Still, he’d settled for what he could earn, and reconstructing the friendship had also served to reconstruct the trust. He didn’t think there were many people she’d allow to stand over her like this so calmly, invading her personal space while she worked.

He straightened up and came around the display tank to face her. “We can’t assume their intentions,” he said quietly, when he knew he had her attention. It was just a shift of the eyes, but it was enough. They were still a team.

“You’re worried about what will happen when we start exchanging diplomats.”

He shrugged, brushing his hair behind his shoulders. “Nanotechnology, inducer viruses—or whatever they have that’s similar—bacterial agents, engineered or accidental. There’s no telling what could come in on their shoes. And we can’t assume, after centuries of isolation, that we have any reciprocal immunities.”

“And they’re very likely to be Means,” Caitlin said. “Our bugs might just kill them—not to mention the colonies. Are they going to want to become Exalt?”

“It’s something we can bargain with,” Benedick said. “It’s an advantage and possibly a trade good.”

“But it’s combat you’re worried about.”

He felt himself smile. As well as he knew her, it was reciprocated. “Combat. Or treachery.”

She had a peculiar gesture of rubbing her nose that was all hers. “Well, you are our father’s son.”

Benedick folded his hands under his arms.
Don’t remind me
. “Yes, he would have assumed the worst. But that does not universally indicate that he would have been wrong.”

Her mouth worked around whatever she was thinking of saying. Because it was Caitlin, he would never know how many options she chewed over and discarded before she settled. “I am sorry,” she said. “I was trying to provoke you.”

That
he could smile for. “Cheap sport,” he said. “I’d have thought such an easy opponent beneath you.”

She stood and punched him lightly on the shoulder. “I’ve got to keep in trim for the aliens. So what do we recommend to the Captain?”

The Captain, their daughter. “We’re going to have to
meet with them,” Benedick said. “Especially when we’re asking to share a planet, because I don’t think they’ll cede either of those two potentially habitable worlds to us entirely. It’s not human nature.”

“So even if they are inhumanly gracious, we’re going to have to live with them.”

“And when we do, we need to be aware of and guarded against all the possibilities for disaster.”

Caitlin turned her head, glancing over her shoulder at the system diagrams spinning with stately indifference in the big image tank. “I hope we’re aware of that,” she said. “I hate to think we’re underselling it to ourselves.”

   Very little in the world knows more about keeping quiet than does a library.

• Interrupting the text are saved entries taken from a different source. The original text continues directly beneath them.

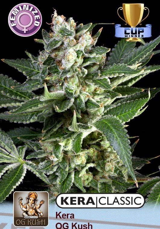 OG Kush is a standout for its growth pattern, slightly stretching before blooming into large, resin-coated lime green buds, and achieving a height of 90 to 160 cm. It’s now available in feminized form through the Kera Classic line. The strain promises a potent experience, blending intense mental stimulation with profound physical relaxation, alongside a memorable light citrus aroma and persistent aftertaste.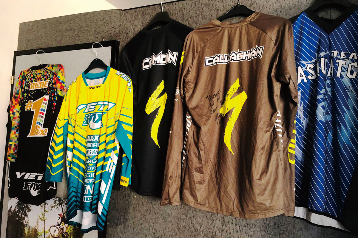 壁を彩るこのトレイル・マップと吊り下げられている幾つものジャージを見てるだけでワクワクする。
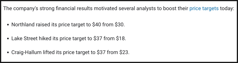 이러한 결과에 힘입어, 여러 증권사가 일제히 목표주가를 상향 조정했습니다. Northland Capital Markets는 목표가를 기존 30달러에서 40달러로 상향했고, Lake Street Capital Markets는 18달러에서 37달러로, Craig-Hallum Capital Group 역시 23달러에서 37달러로 상향했습니다.
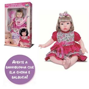 Boneca Baby Kiss Loira 51cm Tipo Reborn Sidnyl 912 Chora e Balbucia A Boneca Baby Kiss é perfeita para encantar qualquer criança. Além de ser uma boneca sofisticada com alto padrão de qualidade, basta você apertar a barriguinha dela para chorar e balbuciar como um bebê de verdade. Baby Kiss estimula a interação entre pais e filhos, coordenação manual, estimula a criatividade e imaginação da criança, para deixar a brincadeira ainda mais divertida. Ela é delicada e compõe um delicioso cheirinho de bebe perfumada. Especificações: - Produto: Boneca Baby Kiss - Marca: Sidnyl - Modelo: Tipo Reborn - Referência: 912 - Medida da boneca em Pé: 51 cm - Instruções: Ao apertar a barriga da boneca, ela chora e balbucia - Funcionamento: 3 baterias AG13/LR44 inclusas - Material: Cabeça, pernas e braços em vinil. Corpo em Tecido TNT com enchimento de algodão atóxico - Certificado de segurança: INMETRO CE-BRI/IQB – 167 NM 300/2002 Conteúdo: - 1 Boneca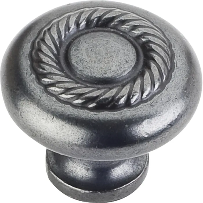 1-1/4" Diameter Cabinet Knob with Rope Detail. Packaged with one 8-32 x 1" and 1-3/4" Break-away screw. Finish: Gun Metal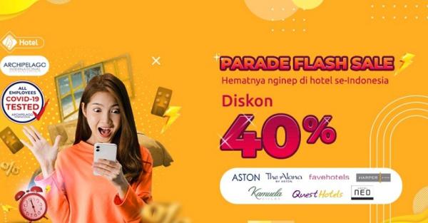 Staycation di hari kerja bukan berarti diskonnya tidak ada. Mister Aladin bekerja sama dengan grup hotel Archipelago International mengadakan Parade Flash Sale. Anda bisa menginap di hotel-hotel yang tergabung dalam grup Archipelago dengan diskon 40%, di antaranya ada hotel ASTON, NEO HOTEL, favehotels, HARPER, Quest Hotels, The Alana, dan Kamuela Villas.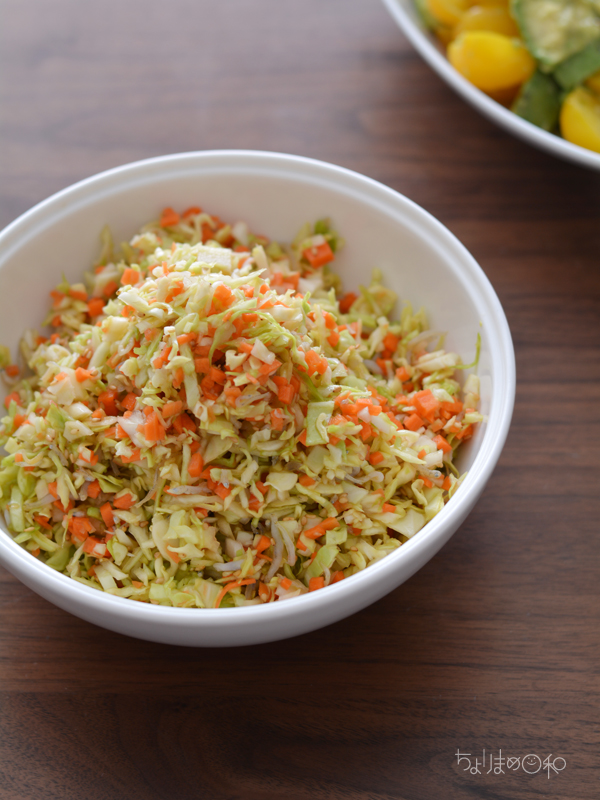 キャベツとにんじんをみじん切りして、塩をふったらしばらくおいて塩もみ。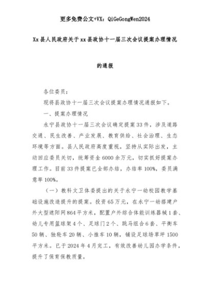 【七哥公文】2025年:Xx县人民政府关于xx县政协十一届三次会议提案办理情况的通报+更多免费公文+VX:QiGeGongWen2024+更多免费公文+VX:QiGeGongWen2024

Dust, who had been a library once, huddled in his ringspotted fur coat, paws dry-washing, all the active senses that might have told him enough about his environment to move in safety drawn inward, turned passive, locked down. He felt the new Angel all around, the web of her presence a veil made of trip wires and snares. If she found him she would eat him, as she had eaten most of him already. As she had eaten every other angel and remnants of angels she had found. If she found him, she would devour him whole. So, with perfect logic, he decided she would not find him at all.

The world had changed from what he knew. While he died, slept, and grew back from a spark, it had evolved from a hulk to a haven, from a shell to a ship.

Who had preserved the spark of him? And who had caused it to awaken here, into the helpful-animal consciousness of this furry toolkit with its deft hands and keen, twitching nose?

And who had thought that this, the eve of landfall, would be an opportune time to return him from the quiet cold of storage?

It seemed to Dust that, first, he must learn who had preserved him, and what that person or those persons intended. And then, having done that, he must decide how he was going to use those intentions to suit his own designs.